Final Offer

Home > Other > Final Offer > Page 35
Final Offer Page 35

by Eva Hudson


  “Welcome to the hermitage, Ingrid.” He unlocked a drawer. “Now, if you are staying with us for the night, I must take some details from you.” He handed her a piece of paper.

  She scanned the questions as he passed her a pen. He’d seen her bank card, so she couldn’t use a false name. She filled it in as minimally as possible, her cold fingers struggling to keep hold of the pen.

  “Thank you,” he said when she gave it back. “I also need your phone.”

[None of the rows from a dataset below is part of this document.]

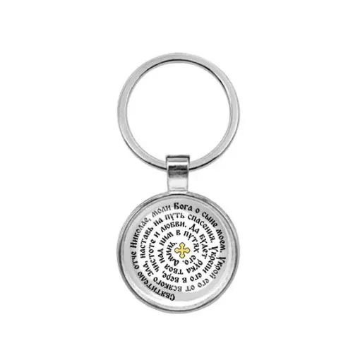 Круглый брелок, цвет серебро, Молитва Николаю Чудотворцу за сына C1212021
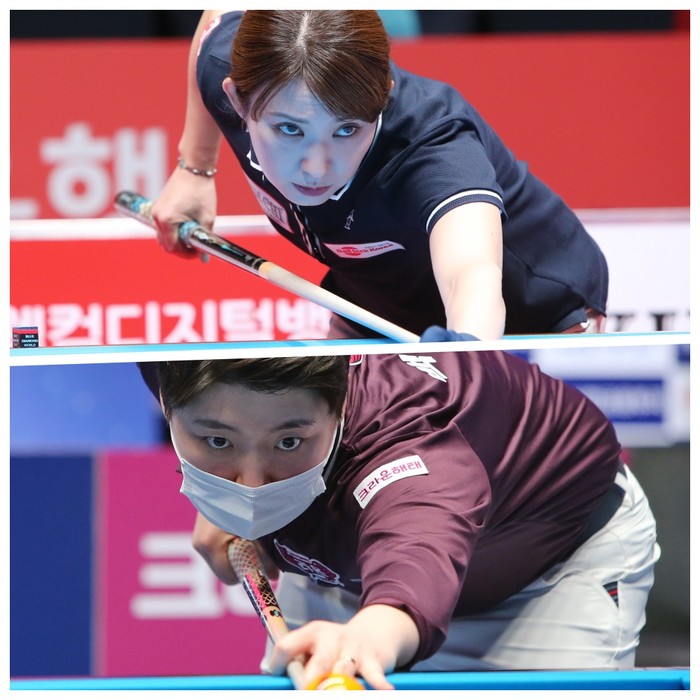 브릴리언트 빌리어드=김철호기자> 21일 강서구 메이필드호텔에서 열리는 크라운해태 PBA-LPBA 챔피언십 2021 세째날 여자부 8강 경기에서 맞붙게 되는 일본의 하야시와 백민주(크라운해태). 하야시는 2019년PBA 원년 웰빙저축은행 참피온십에서 임정수과 결승에서 패해 준우승을 차지한후 절치부심 우승을 향한 집념을 보이고 있고, 백민주(크라운해태)는 팀리그를 통해 한층 나아진 실력으로 누가 승리를 할지 점치기 어려운 경기가 될 것이다.
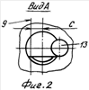 На замковом пальце 8 со стороны спинки 10 лапы 1 выполнена площадка 11, расположенная под углом =(90- )±1°, при этом точка пересечения наклонной площадки 11 со спинкой 10 лапы 1 смещена относительно нижней образующей замкового пальца 8 в сторону, противоположную забою. Величина указанного смещения К наклонной площадки 11 составляет 0.4-0.6 диаметра замкового пальца 8. Площадка 11 создается для сверловки центрового отверстия, которое используется при обработке цапфы 2, а также для фиксации замкового пальца 8 от осевого перемещения при износе спинки 10 лапы 1, что часто приводит в существующих долотах к заклиниванию шарового подшипника 4. Круговая часть 12 торца замкового пальца 8 используется для крепления его к спинке 10 лапы 1 сваркой. Сверление канала 7 производят с учетом смещения его оси от оси симметрии 9 лапы 1 на величину С, зависящей от размера долота (см. фиг.2). Палец 8 смещают относительно оси 9 лапы 1 в сторону, противоположную направлению вращения долота, что предотвращает его от износа абразивным шламом. От проворота замковый палец 8 фиксируется штифтом 13, который с той же целью располагают относительно пальца со стороны сбегающей грани лапы 1.

  Something twitched in her throat. “My phone?”

  He nodded.

  “But I need it. For work.”

  “Trust me,” he said, “you will gain so much more from your experience here if you hand it over.” He outstretched his fingers. “Trust me.”

  Never trust anyone who says ‘trust me.’ Ingrid reached into the inside pocket of her coat and checked her messages to see if Carolyn had made contact. She hadn’t: that was a good sign. It meant she was coping and Marshall’s condition hadn’t deteriorated.

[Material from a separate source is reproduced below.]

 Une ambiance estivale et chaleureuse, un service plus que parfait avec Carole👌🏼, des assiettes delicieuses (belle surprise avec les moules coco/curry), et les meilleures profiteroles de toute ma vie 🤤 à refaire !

  Viktor snatched the phone out of her hand.

  “Hey—”

  “I am sorry,” he said, locking it in a drawer, “but there is not time.”

  “For what?”

  “Vespers starts in five minutes.”

  “Vespers?”

  “And I will need your car key.” He waggled his grasping fingers toward her.

  “Why?” It was feeling too much like a trap.

  “In case we have to move it. Also, we have periods of total silence when it is not permitted to run an engine or use electricity.”

  “Oh.”

  “Your key, please.”

  Ingrid dipped into her pants pocket. “I feel really uncomfortable about this,” she said, stalling for time. She had promised Carolyn she would keep her phone with her. “When will I get it back?”

  “All you have to do is ask.” He leered rather than smiled before locking the key in a different, lower drawer. “Come with me. I will take you to the chapel.”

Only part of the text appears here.